(Items from a dataset)
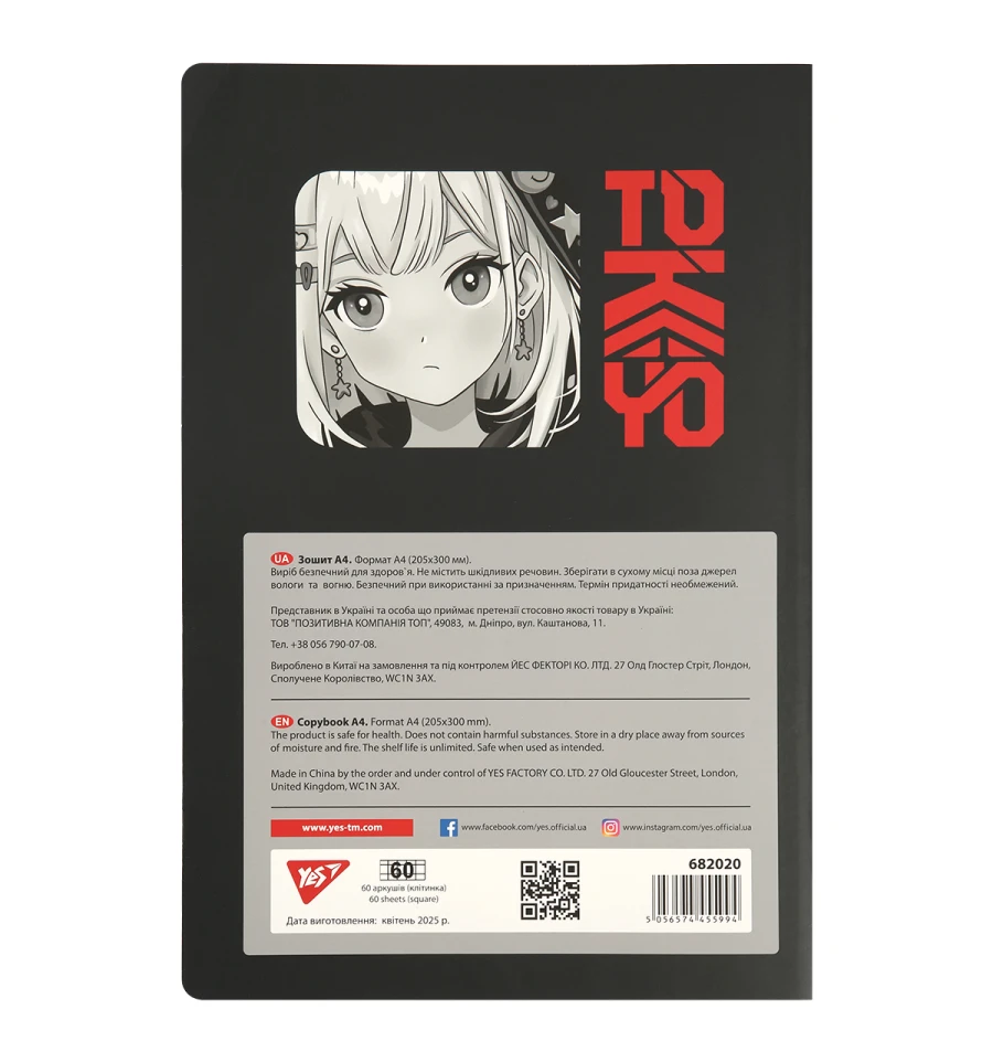 Тетрадь Yes Tokyo А4 60 листов с высечкой клетка
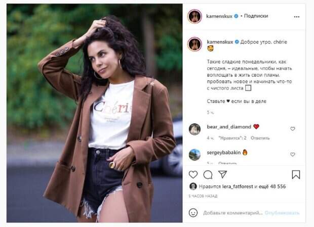 В этот раз Настя показала, как встретила понедельник. Каменских надела на прогулку джинсовые шорты, футболку и стильный пиджак. "Доброе утро, chérie. Такие сладкие понедельники, как сегодня, – идеальные, чтобы начать воплощать в жить свои планы, пробовать новое и начинать что-то с чистого листа. Ставьте, если вы в деле", - написала Настя под фотографией. Фанаты поставили более 47 тысяч лайков и написали комментарии: "Красотка, пиджак шикарный", "Всегда в деле", "Понедельник, как и новолуние, один вариант с тех, что есть мотивацией к действию", "Круто", "Настя крутышика", "Такой прекрасной девушке успехов в воплощении планов". Напомним, Осадчая закатила грандиозную вечеринку на дорогой яхте вместе с Каменских, Ефросининой и Астафьевой Также Politeka писала, что Каменских в кофточке с большим вырезом раззадорила кадрами на природе А еще Politeka сообщала, что Каменских заворожила формами, надев платье на тоненьких бретельках
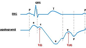 - <x> - corespunde ejecţiei VD şi prin tracţionarea în jos a planului ventil al inimii scade presiunea atrială, scădere reflectată retrograd şi în vena jugulară; unda x este sincronă cu unda pulsatilă arterială
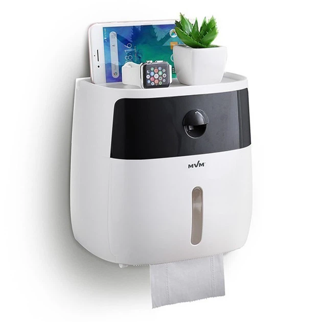 Тримач для туалетного паперу із кришкою із поличкою MVM округлий пластиковий сірий BP-44 white/gray
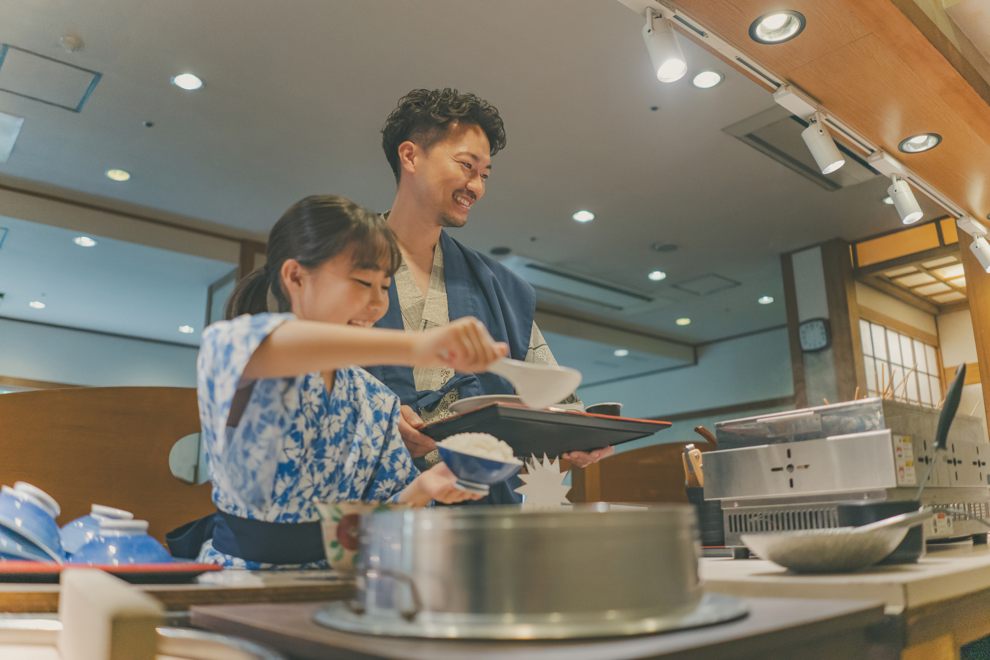 また、館内の「遊び処」には卓球やビリヤードが楽しめるゲームコーナー(30分700円)があり、家族みんなでにぎやかに過ごすことも。本館の朝食会場「ダイニング大河」では、地元の旬の食材をふんだんに使ったビュッフェを堪能でき、ライブキッチンでの出来立てのお料理に子どもたちもきっと喜ぶはず。
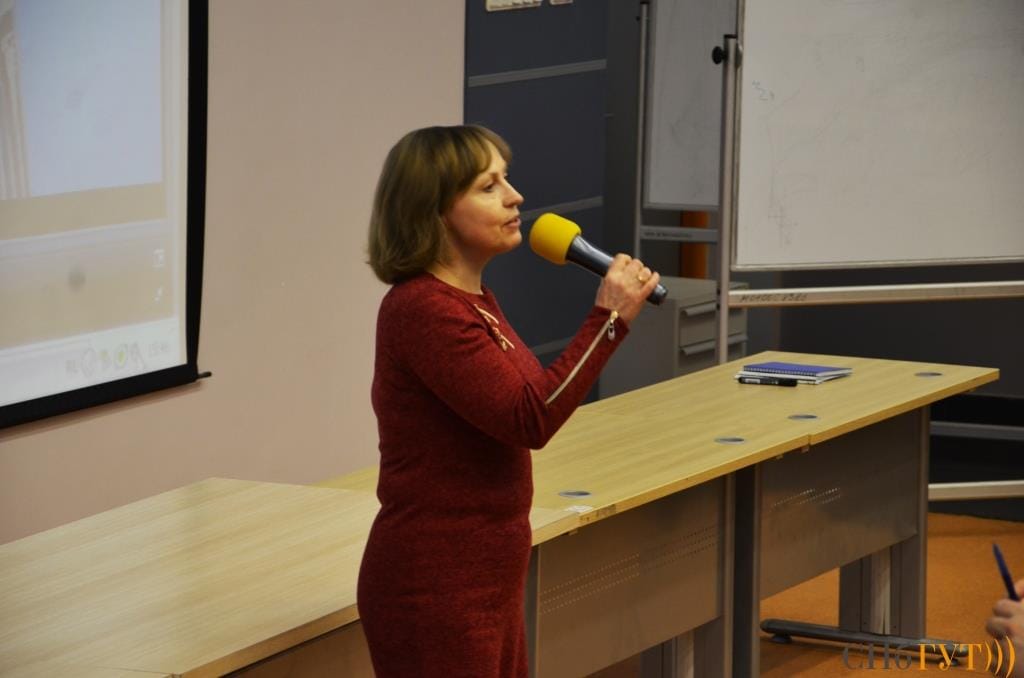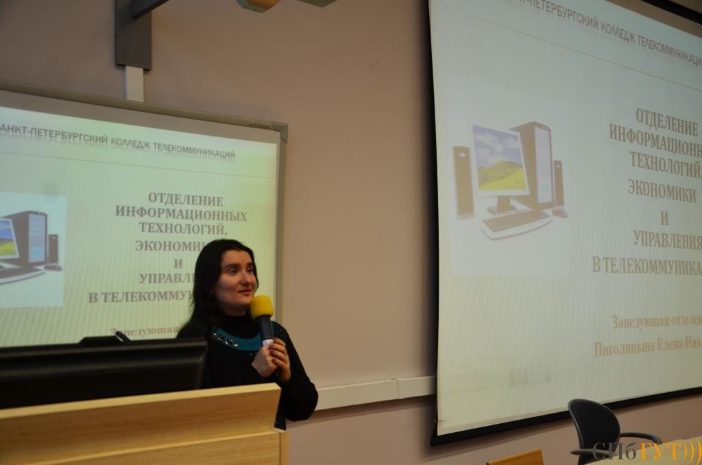 Начальник отдела профориентации и довузовской подготовки СПбГУТ Татьяна Викторовна Дробинина разъяснила, что представляет собой система «колледж-вуз», а также представила профориентационные проекты университета – бесплатные факультативные занятия для школьников и олимпиада «Телеком-планета».

TASK BRIEF: Look above for the line with "Тримач для туалетного" and the line with "また、館内の「遊び処」には卓", then restate exactly those two lines and all lines between them, with no pictures.

FINAL ANSWER:
 Тримач для туалетного паперу із кришкою із поличкою MVM округлий пластиковий сірий BP-44 white/gray
 また、館内の「遊び処」には卓球やビリヤードが楽しめるゲームコーナー(30分700円)があり、家族みんなでにぎやかに過ごすことも。本館の朝食会場「ダイニング大河」では、地元の旬の食材をふんだんに使ったビュッフェを堪能でき、ライブキッチンでの出来立てのお料理に子どもたちもきっと喜ぶはず。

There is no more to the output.